Wang Chengwei, Salam Muhammad T, Islam Talat, Wenten Madé, Gauderman W James, Gilliland Frank D
Department of Preventive Medicine, Keck School of Medicine, University of Southern California, 1540 Alcazar St, CHP 236, Los Angeles, CA 90033, USA.
Pediatrics. 2008 Jul;122(1):e107-14. doi: 10.1542/peds.2007-3370. Epub 2008 Jun 16.
Associations between single-nucleotide polymorphisms in the beta2-adrenergic receptor gene and asthma and wheeze have been inconsistent. Recent studies indicated that tobacco smoke affects beta2-adrenergic receptor gene expression and associations of beta2-adrenergic receptor gene variants with asthma in adults. We aimed to investigate the joint effects of in utero and childhood secondhand tobacco smoke exposure and 2 well-characterized functional single-nucleotide polymorphisms (Arg16Gly and Glu27Gln) of beta2-adrenergic receptor gene on asthma and wheezing in 3128 non-Hispanic and Hispanic white children of the Children's Health Study.
We fitted logistic regression models to estimate odds ratios and 95% confidence intervals for the independent and joint effects of these single-nucleotide polymorphisms and in utero and secondhand tobacco smoke exposure on asthma and wheeze outcomes.
Exposures to in utero maternal smoking and secondhand tobacco smoke were associated with wheezing. Children who were homozygous for the Arg16 allele and were exposed to maternal smoking in utero were at a threefold increased risk for lifetime wheeze compared with children who were unexposed and had at least 1 Gly16 allele. We found similar joint effects of secondhand tobacco smoke and Arg16Gly with wheezing. The risk for lifetime, current, and nocturnal wheeze increased with the number of smokers at home among Arg16 homozygous children. The results were consistent in 2 cohorts of children recruited in 1993 and 1996. Diplotype-based analyses were consistent with the single-nucleotide polymorphism-specific results. No associations were found for Glu27Gln.
Both in utero and childhood exposure to tobacco smoke were associated with an increased risk for wheeze in children, and the risks were greater for children with the Arg16Arg genotype or 2 copies of the Arg16-Gln27 diplotype. Exposures to smoking need to be taken into account when evaluating the effects of beta2-adrenergic receptor gene variants on respiratory health outcomes.

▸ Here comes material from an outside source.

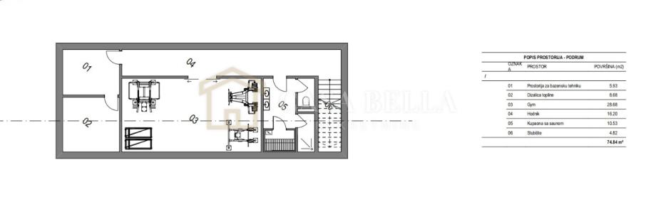 U podrumu su predviđeni teretana, prostor za bazensku tehniku, dizalica topline te sauna.

β2 - 肾上腺素能受体基因单核苷酸多态性与哮喘及喘息之间的关联一直存在争议。近期研究表明,烟草烟雾会影响β2 - 肾上腺素能受体基因表达以及该基因变异与成人哮喘的关联。我们旨在研究子宫内及儿童期二手烟草烟雾暴露与β2 - 肾上腺素能受体基因的2个特征明确的功能性单核苷酸多态性(Arg16Gly和Glu27Gln)对儿童健康研究中3128名非西班牙裔和西班牙裔白人儿童哮喘及喘息的联合影响。

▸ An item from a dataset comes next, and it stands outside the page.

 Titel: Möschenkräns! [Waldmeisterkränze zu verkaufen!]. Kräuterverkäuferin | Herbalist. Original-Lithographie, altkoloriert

我们采用逻辑回归模型来估计这些单核苷酸多态性以及子宫内和二手烟草烟雾暴露对哮喘及喘息结局的独立和联合影响的比值比及95%置信区间。
子宫内母亲吸烟及二手烟草烟雾暴露与喘息相关。与未暴露且至少有1个Gly16等位基因的儿童相比,携带Arg16等位基因纯合子且在子宫内暴露于母亲吸烟的儿童终生喘息风险增加了两倍。我们发现二手烟草烟雾和Arg16Gly与喘息有类似的联合效应。在Arg16纯合子儿童中,终生、当前及夜间喘息风险随家中吸烟者数量增加而升高。1993年和1996年招募的2组儿童的结果一致。基于双倍型的分析与单核苷酸多态性特异性结果一致。未发现Glu27Gln有相关性。
子宫内及儿童期接触烟草烟雾均与儿童喘息风险增加相关,对于Arg16Arg基因型或Arg16 - Gln27双倍型2拷贝的儿童,风险更高。在评估β2 - 肾上腺素能受体基因变异对呼吸健康结局的影响时,需要考虑吸烟暴露情况。